WHAT YOU NEED TO DO
Set the listing down again in full, word for word, with the pictures left out.
>>>
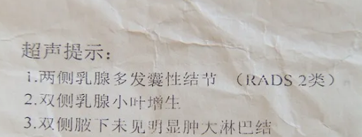 近曲阳医院报告则说,两侧乳腺多发囊性结节。而杭州中医院核磁共振的结论中写明,双乳内散在多发小结节状T2WI低信号影,钙化可能。红房子医院的结论则为,乳腺纤维囊性增生。
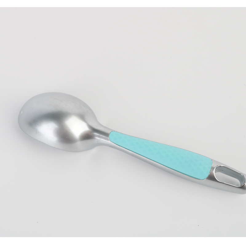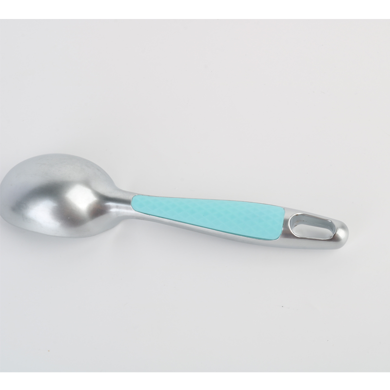 De professionele ijsschep van zinklegering met comfortabele grip, vaatwasmachinebestendig, uniek gedempt, antislip plastic handvat bevindt zich aan de achterkant van het product, speciaal ontworpen voor optimale grip bij gebruik van de omgekeerde viervingergreep. Zoals te zien is in de productillustraties, bevat het handvat een gestructureerd oppervlaktepatroon dat zorgt voor een veilige bediening en tegelijkertijd handvermoeidheid vermindert. Dit doordachte ontwerp verbetert niet alleen de gebruikerservaring, maar toont ook onze inzet om functionaliteit te combineren met elegant vakmanschap in elk detail.
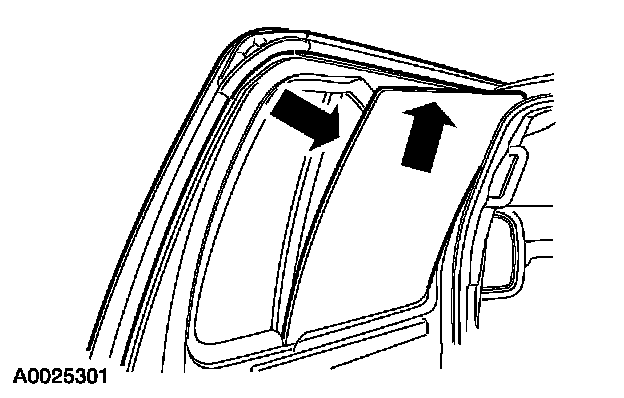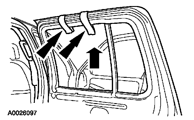 3. If removing the rear door window glass, pull the glass out through the top inboard side of the door.
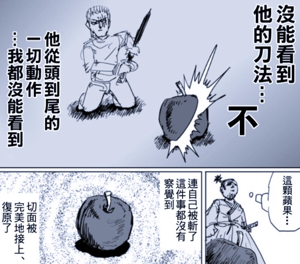 原作漫画中,原子武士就向King挑战了,毕竟在怪协的最后战斗中,King也是有非常活跃的表现,但他的战斗还是依旧是个谜。原子武士可是在黑精手下吃了大亏,可以说参加战斗的所有S级英雄在一定程度上吃瘪,就只有King一人像个没事人。于是原子武士向King发起挑战,结果又成就King的一个传说,明明什么都没干(没拔出刀),原子武士却吓得瑟瑟发抖,不夸张的说,都快把King当成神了。
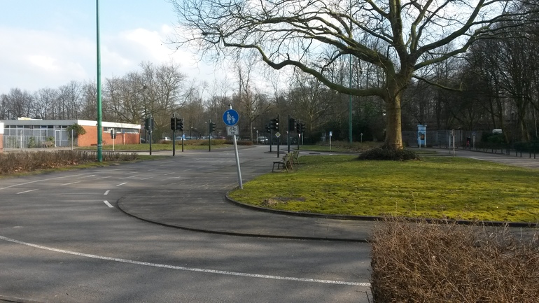 А это детская площадка-обучалка правилам дорожного движения. Вчера она была закрыта. Но летом на ней движуха. Дети на велосипедах (конечно же в шлемах) ездят по дороге, обращая внимяние на знаки, сфетофоры и дорожную разметку.
<<<
RESPONSE
 近曲阳医院报告则说,两侧乳腺多发囊性结节。而杭州中医院核磁共振的结论中写明,双乳内散在多发小结节状T2WI低信号影,钙化可能。红房子医院的结论则为,乳腺纤维囊性增生。
 De professionele ijsschep van zinklegering met comfortabele grip, vaatwasmachinebestendig, uniek gedempt, antislip plastic handvat bevindt zich aan de achterkant van het product, speciaal ontworpen voor optimale grip bij gebruik van de omgekeerde viervingergreep. Zoals te zien is in de productillustraties, bevat het handvat een gestructureerd oppervlaktepatroon dat zorgt voor een veilige bediening en tegelijkertijd handvermoeidheid vermindert. Dit doordachte ontwerp verbetert niet alleen de gebruikerservaring, maar toont ook onze inzet om functionaliteit te combineren met elegant vakmanschap in elk detail.
 3. If removing the rear door window glass, pull the glass out through the top inboard side of the door.
 原作漫画中,原子武士就向King挑战了,毕竟在怪协的最后战斗中,King也是有非常活跃的表现,但他的战斗还是依旧是个谜。原子武士可是在黑精手下吃了大亏,可以说参加战斗的所有S级英雄在一定程度上吃瘪,就只有King一人像个没事人。于是原子武士向King发起挑战,结果又成就King的一个传说,明明什么都没干(没拔出刀),原子武士却吓得瑟瑟发抖,不夸张的说,都快把King当成神了。
 А это детская площадка-обучалка правилам дорожного движения. Вчера она была закрыта. Но летом на ней движуха. Дети на велосипедах (конечно же в шлемах) ездят по дороге, обращая внимяние на знаки, сфетофоры и дорожную разметку.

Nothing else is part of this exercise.